If you’re convinced that the current cycle of the boom and bust economy is due to the collapse of collateralised debt obligations secured on oversold mortgages that destablised the European market due to its reliance on cheap loans from an artificially inflated US market – think again!
A 1935 Psychological Review article proposed a ‘manic-depressive psychoses’ theory of economic highs and lows based on the idea that the market has a form of monetary bipolar disorder.
Manic-depressive psychoses of business
Psychological Review, Vol 42(1), Jan 1935, 91-107.
Morgan, J. J. B.
An analysis of the various theories offered to explain the business cycle of alternate booms and depressions shows that all these theories are based on a superficial study of symptoms, rather than on an analysis of the real causes, which the author believes are psychological in nature.

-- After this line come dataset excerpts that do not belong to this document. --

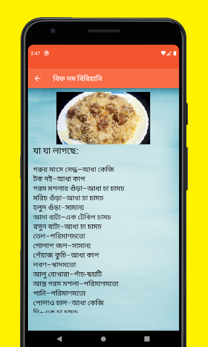 যদি আপনার বিরিয়ানী রান্না, তেহারী রান্না, খিচুড়ি রান্না, ফ্রাইড রাইস রান্না জানা না থাকে তবে আপনি আমাদের এপকে সহজে রান্না শিখার বই হিসেবে ব্যবহার করুন। আমাদের রান্নার এপ অনুসরণের মাধ্যমে ঘরে বসেই রেসটুরেন্টের রান্নার রেসিপি জানতে পারবেন।
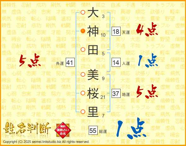 大(3画)神(10画)田(5画) 美(9画)桜(21画)里(7画)
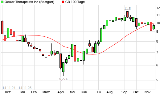 Mit dem Rücksetzer auf 9,86 EUR hat die Ocular Therapeutix-Aktie am 13.11.2025 die 100-Tage-Linie nach unten gekreuzt.
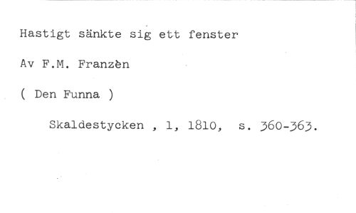 Hastigt sänkte sig ett fenster //// Av F.M. Franzén //// ( Den Funna ) //// Skaldestycken , 1, 1810, s. 360-363.
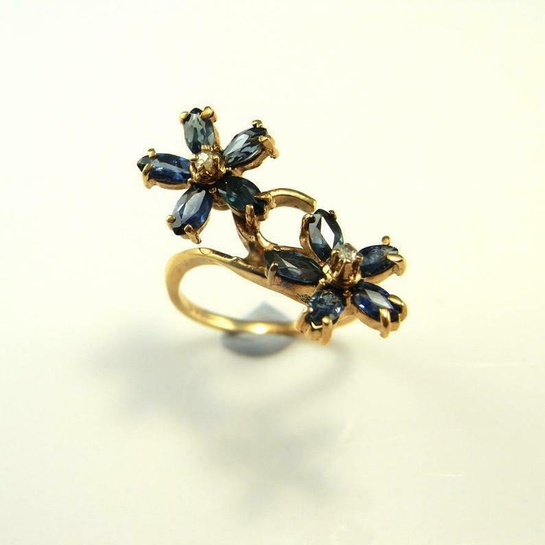 2ct Marquise Cut Blue Sapphire Two Flowers Engagement Ring 14k YellowGold Finish
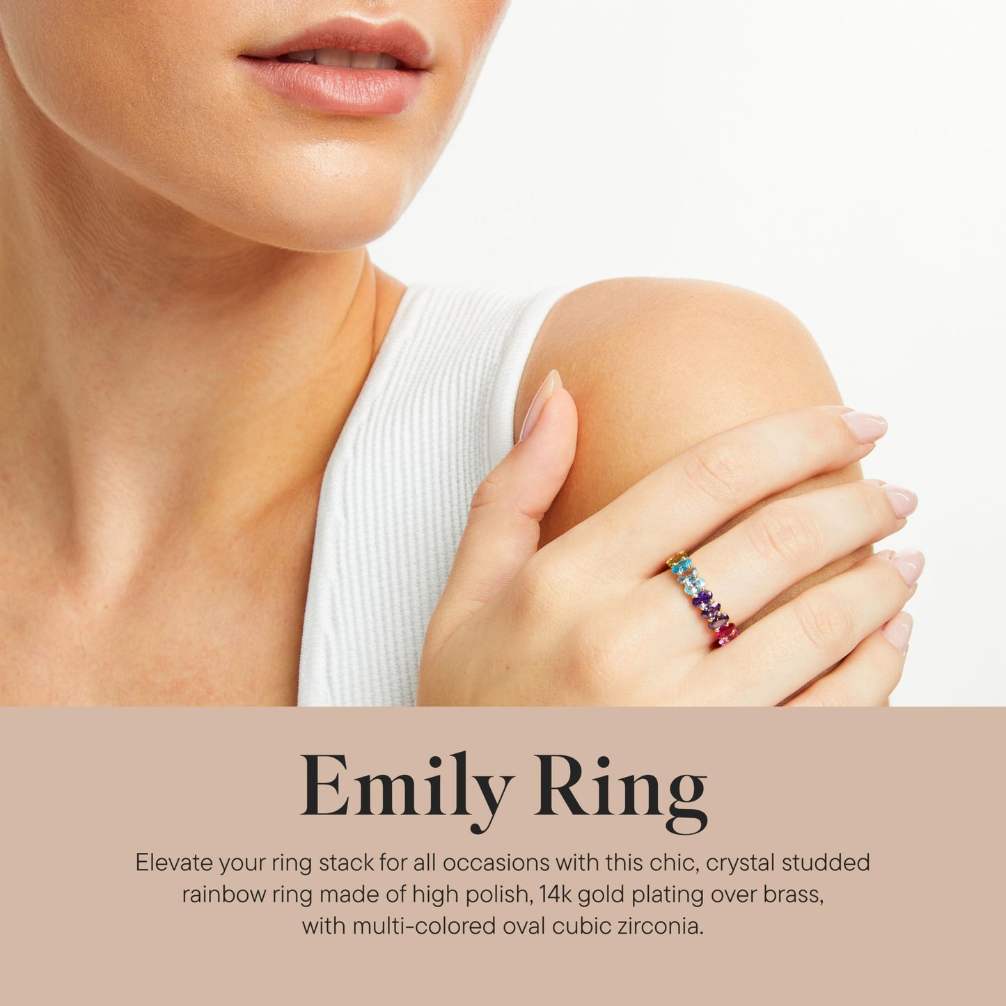 - Meet Your New Go-To Ring: The Emily statement ring turns heads with brilliant cubic zirconia studs. Wear it every day to add sparkle and color to any outfit
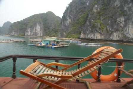 Und teilt sich unsere Gruppe. Einige haben einen weiteren Tag auf See gebucht, einige müssen wir der zurück nach Halong Bay und wir steigen auf ein kleineres Boot um und werden nach Cat Ba Island gebracht. Auch hier haben wir die Stunde Fahrt bis zur Insel die Möglichkeit uns an Deck in Liegestühlen zu sonnen. Unser Guide Nam fährt mit uns.
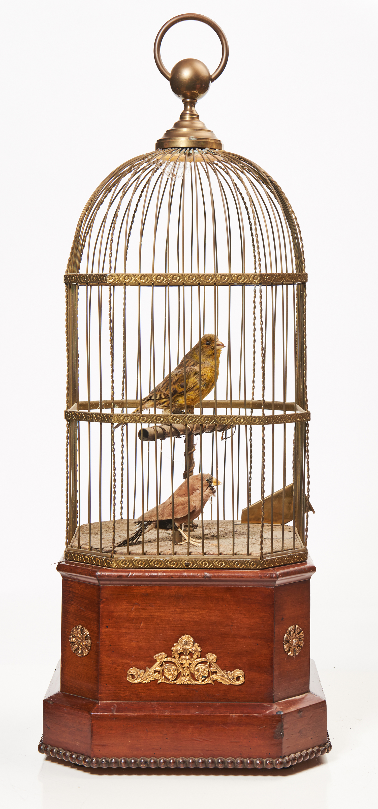 working, not recently serviced. case re-polished and re-gilded. Birds showing signs of age and deterioration. Feathers loose. discolouration and repairs to base in places

Business is compared to a patient suffering from a manic-depressive psychosis, in which the boom period parallels the manic phase and the subsequent slump parallels the depressive phase. It is argued that, in business as in the individual psychosis, the manic period is not a period of real optimism or even over-confidence, but is really a period of fear, for which the excessive speculative activity is a compensatory mechanism.
This fear is induced by a lack of confidence in the credit system and a desire to beat it. Two alternative solutions are offered: one is to strengthen the credit system by building up a group of heroic leaders; but this is utopian at present. The other is to discover a better defense mechanism and adopt it.
I suspect when Dr Morgan thought of a ‘better defense mechanism’ he wasn’t thinking of a bunch of unemployed people and students camping out in the local financial centre.
The article was apparently mentioned by economist Robert Shiller at a talk at the ongoing Society for Neuroscience conference.